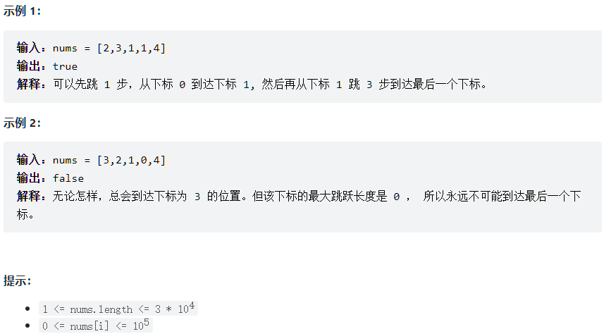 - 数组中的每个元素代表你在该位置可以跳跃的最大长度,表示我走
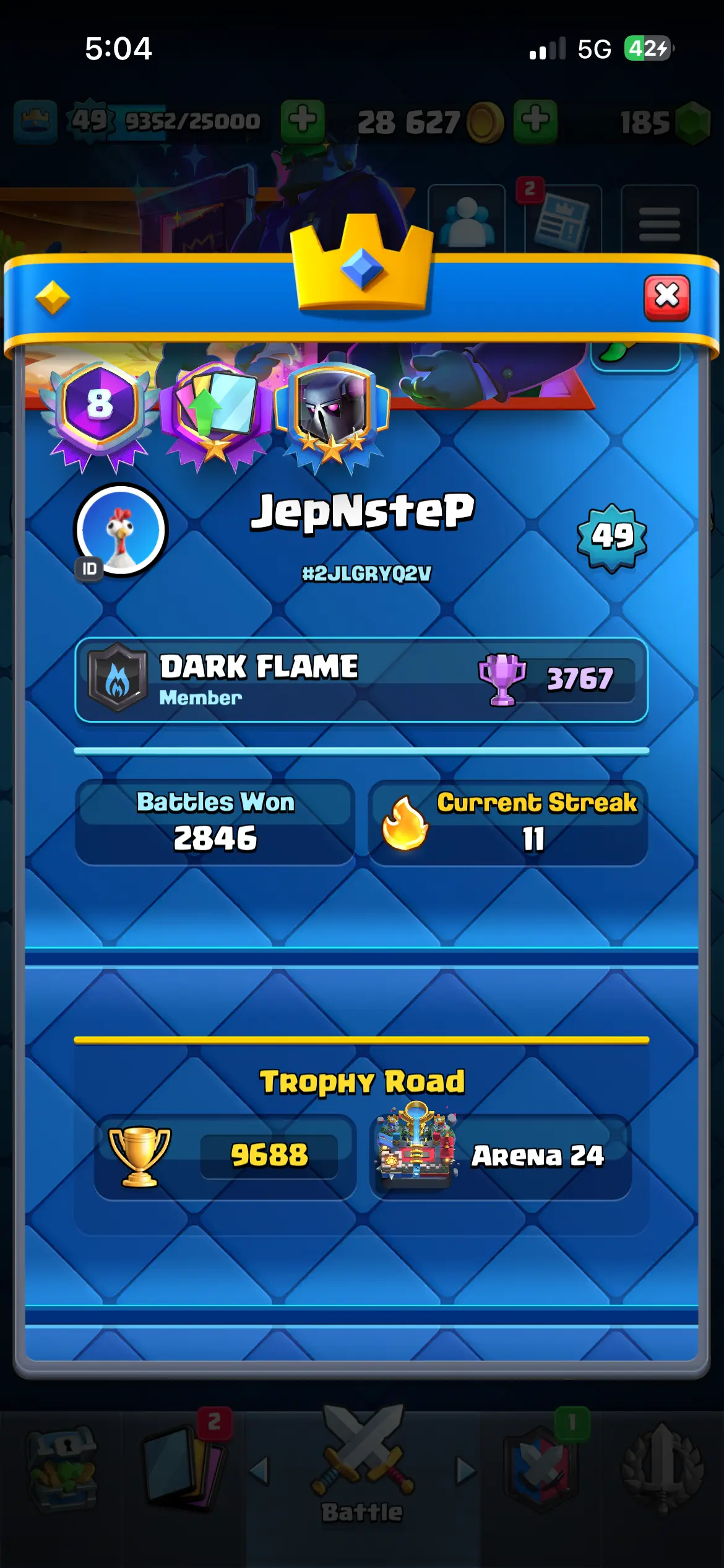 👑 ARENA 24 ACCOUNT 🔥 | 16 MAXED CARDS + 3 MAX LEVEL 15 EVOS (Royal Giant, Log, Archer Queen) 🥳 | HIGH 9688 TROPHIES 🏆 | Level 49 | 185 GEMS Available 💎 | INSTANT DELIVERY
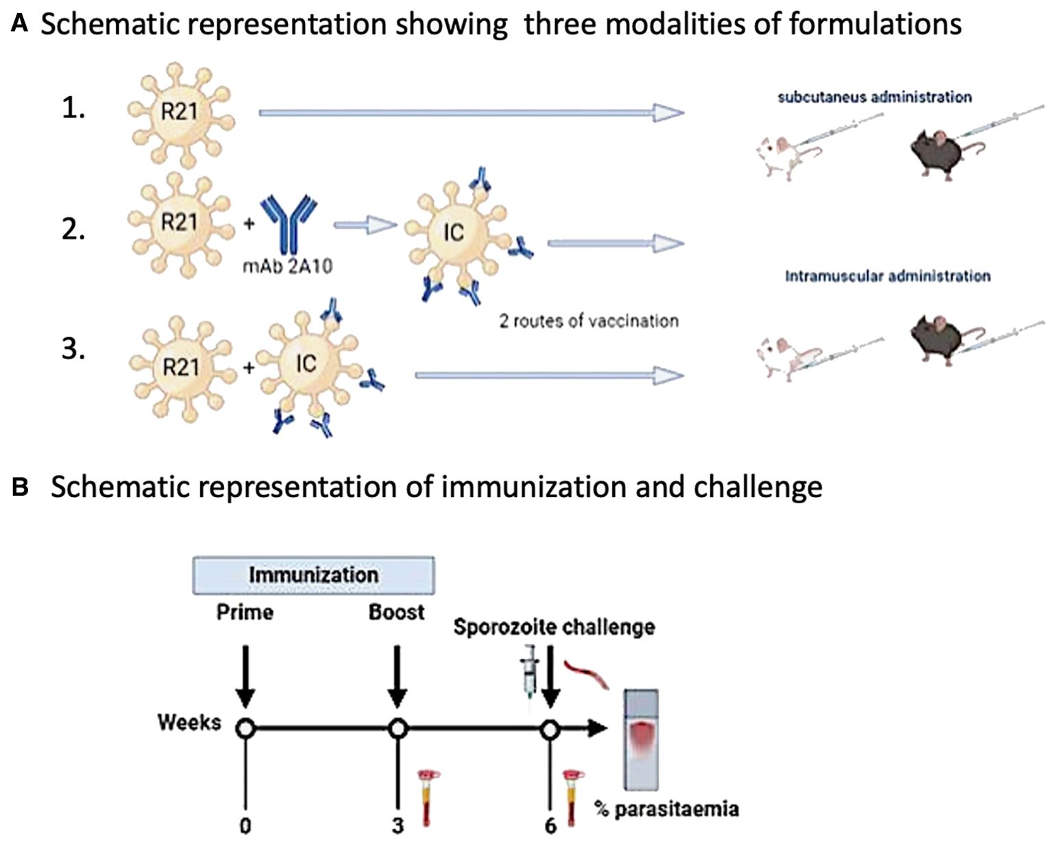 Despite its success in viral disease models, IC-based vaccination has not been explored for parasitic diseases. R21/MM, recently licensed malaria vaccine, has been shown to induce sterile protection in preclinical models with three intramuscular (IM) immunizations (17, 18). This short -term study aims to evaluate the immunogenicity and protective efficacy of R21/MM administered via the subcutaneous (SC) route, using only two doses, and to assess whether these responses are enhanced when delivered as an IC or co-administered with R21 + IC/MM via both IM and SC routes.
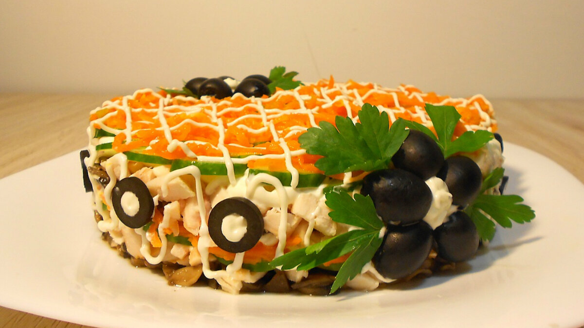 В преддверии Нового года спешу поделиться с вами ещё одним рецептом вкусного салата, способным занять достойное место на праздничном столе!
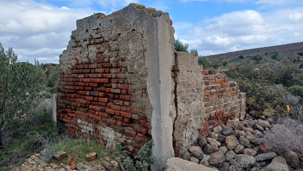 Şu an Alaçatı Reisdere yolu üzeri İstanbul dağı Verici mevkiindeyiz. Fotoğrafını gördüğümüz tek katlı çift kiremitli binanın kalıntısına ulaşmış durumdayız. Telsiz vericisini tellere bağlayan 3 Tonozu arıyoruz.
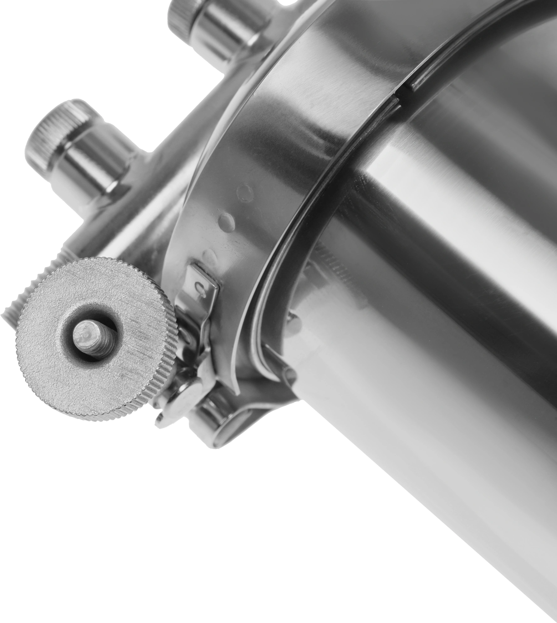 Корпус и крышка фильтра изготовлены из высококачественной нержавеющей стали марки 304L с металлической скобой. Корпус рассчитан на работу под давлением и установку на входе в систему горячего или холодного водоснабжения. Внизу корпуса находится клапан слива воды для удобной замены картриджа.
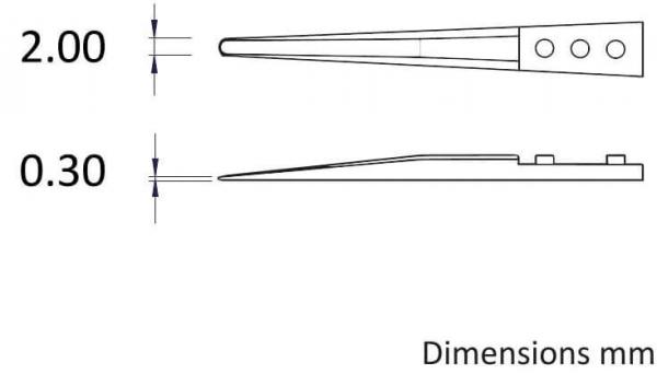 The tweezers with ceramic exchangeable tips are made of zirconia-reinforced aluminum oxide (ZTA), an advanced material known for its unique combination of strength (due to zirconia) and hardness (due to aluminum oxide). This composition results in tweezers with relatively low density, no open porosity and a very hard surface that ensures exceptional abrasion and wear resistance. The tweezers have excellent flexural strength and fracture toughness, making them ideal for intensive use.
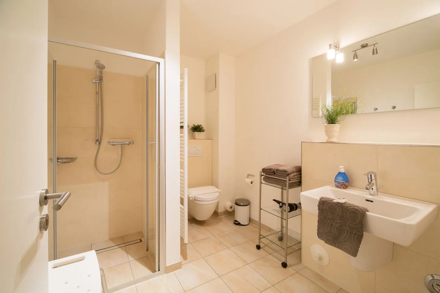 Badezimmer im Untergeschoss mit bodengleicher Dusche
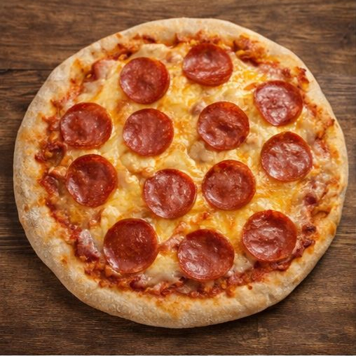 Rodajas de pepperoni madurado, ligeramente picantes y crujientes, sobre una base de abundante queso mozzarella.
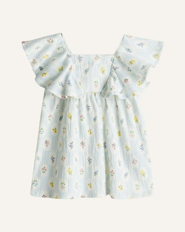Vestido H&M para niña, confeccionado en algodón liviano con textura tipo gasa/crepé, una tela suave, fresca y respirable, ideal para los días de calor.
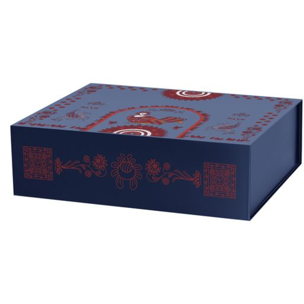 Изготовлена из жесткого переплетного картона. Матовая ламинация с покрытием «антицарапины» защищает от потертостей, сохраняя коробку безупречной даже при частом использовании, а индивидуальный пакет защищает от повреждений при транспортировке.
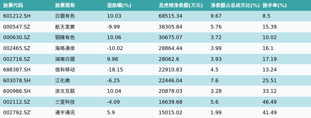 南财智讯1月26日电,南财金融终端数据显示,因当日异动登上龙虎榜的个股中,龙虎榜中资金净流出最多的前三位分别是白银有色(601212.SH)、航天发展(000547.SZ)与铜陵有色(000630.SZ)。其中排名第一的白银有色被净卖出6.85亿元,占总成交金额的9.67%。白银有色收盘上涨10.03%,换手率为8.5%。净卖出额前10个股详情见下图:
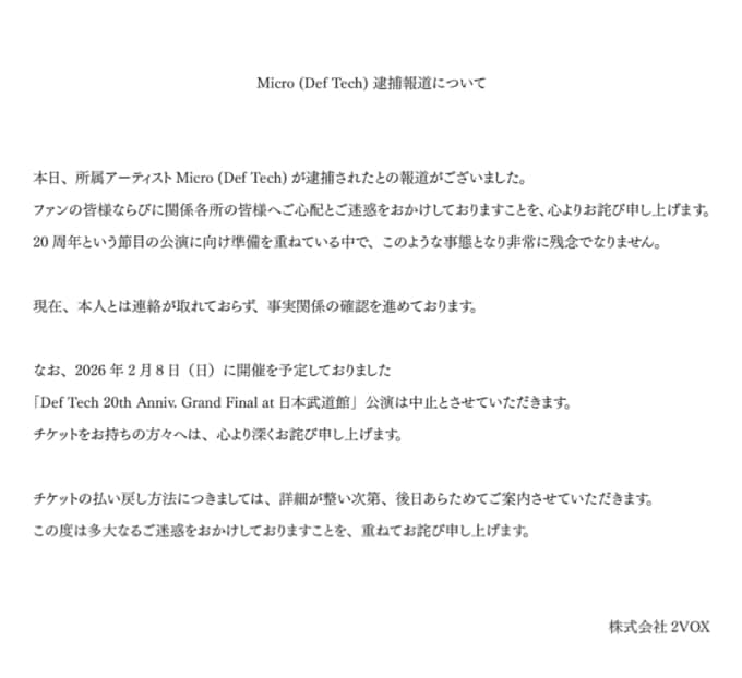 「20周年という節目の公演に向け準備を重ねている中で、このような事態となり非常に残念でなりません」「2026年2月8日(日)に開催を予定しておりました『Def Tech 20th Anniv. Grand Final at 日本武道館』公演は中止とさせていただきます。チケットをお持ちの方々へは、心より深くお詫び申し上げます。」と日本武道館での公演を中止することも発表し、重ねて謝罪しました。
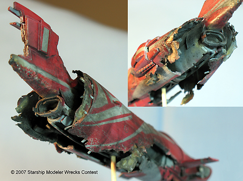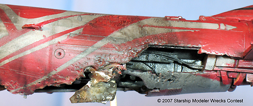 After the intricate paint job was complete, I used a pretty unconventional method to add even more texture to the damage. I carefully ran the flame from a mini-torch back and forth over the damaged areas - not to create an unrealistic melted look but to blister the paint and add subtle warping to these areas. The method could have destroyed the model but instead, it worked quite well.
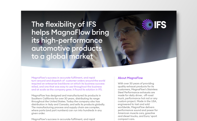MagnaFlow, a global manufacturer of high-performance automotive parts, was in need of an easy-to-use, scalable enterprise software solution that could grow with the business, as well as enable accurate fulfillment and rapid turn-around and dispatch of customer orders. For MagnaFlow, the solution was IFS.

****

**Assignment**. Return exactly the stretch above whose first line contains "В преддверии Нового" and whose last line contains "Tech 20th Anniv.", and nothing outside it. The pictures should not appear.

**Answer**.
 В преддверии Нового года спешу поделиться с вами ещё одним рецептом вкусного салата, способным занять достойное место на праздничном столе!
 Şu an Alaçatı Reisdere yolu üzeri İstanbul dağı Verici mevkiindeyiz. Fotoğrafını gördüğümüz tek katlı çift kiremitli binanın kalıntısına ulaşmış durumdayız. Telsiz vericisini tellere bağlayan 3 Tonozu arıyoruz.
 Корпус и крышка фильтра изготовлены из высококачественной нержавеющей стали марки 304L с металлической скобой. Корпус рассчитан на работу под давлением и установку на входе в систему горячего или холодного водоснабжения. Внизу корпуса находится клапан слива воды для удобной замены картриджа.
 The tweezers with ceramic exchangeable tips are made of zirconia-reinforced aluminum oxide (ZTA), an advanced material known for its unique combination of strength (due to zirconia) and hardness (due to aluminum oxide). This composition results in tweezers with relatively low density, no open porosity and a very hard surface that ensures exceptional abrasion and wear resistance. The tweezers have excellent flexural strength and fracture toughness, making them ideal for intensive use.
 Badezimmer im Untergeschoss mit bodengleicher Dusche
 Rodajas de pepperoni madurado, ligeramente picantes y crujientes, sobre una base de abundante queso mozzarella.
Vestido H&M para niña, confeccionado en algodón liviano con textura tipo gasa/crepé, una tela suave, fresca y respirable, ideal para los días de calor.
 Изготовлена из жесткого переплетного картона. Матовая ламинация с покрытием «антицарапины» защищает от потертостей, сохраняя коробку безупречной даже при частом использовании, а индивидуальный пакет защищает от повреждений при транспортировке.
 南财智讯1月26日电,南财金融终端数据显示,因当日异动登上龙虎榜的个股中,龙虎榜中资金净流出最多的前三位分别是白银有色(601212.SH)、航天发展(000547.SZ)与铜陵有色(000630.SZ)。其中排名第一的白银有色被净卖出6.85亿元,占总成交金额的9.67%。白银有色收盘上涨10.03%,换手率为8.5%。净卖出额前10个股详情见下图:
 「20周年という節目の公演に向け準備を重ねている中で、このような事態となり非常に残念でなりません」「2026年2月8日(日)に開催を予定しておりました『Def Tech 20th Anniv. Grand Final at 日本武道館』公演は中止とさせていただきます。チケットをお持ちの方々へは、心より深くお詫び申し上げます。」と日本武道館での公演を中止することも発表し、重ねて謝罪しました。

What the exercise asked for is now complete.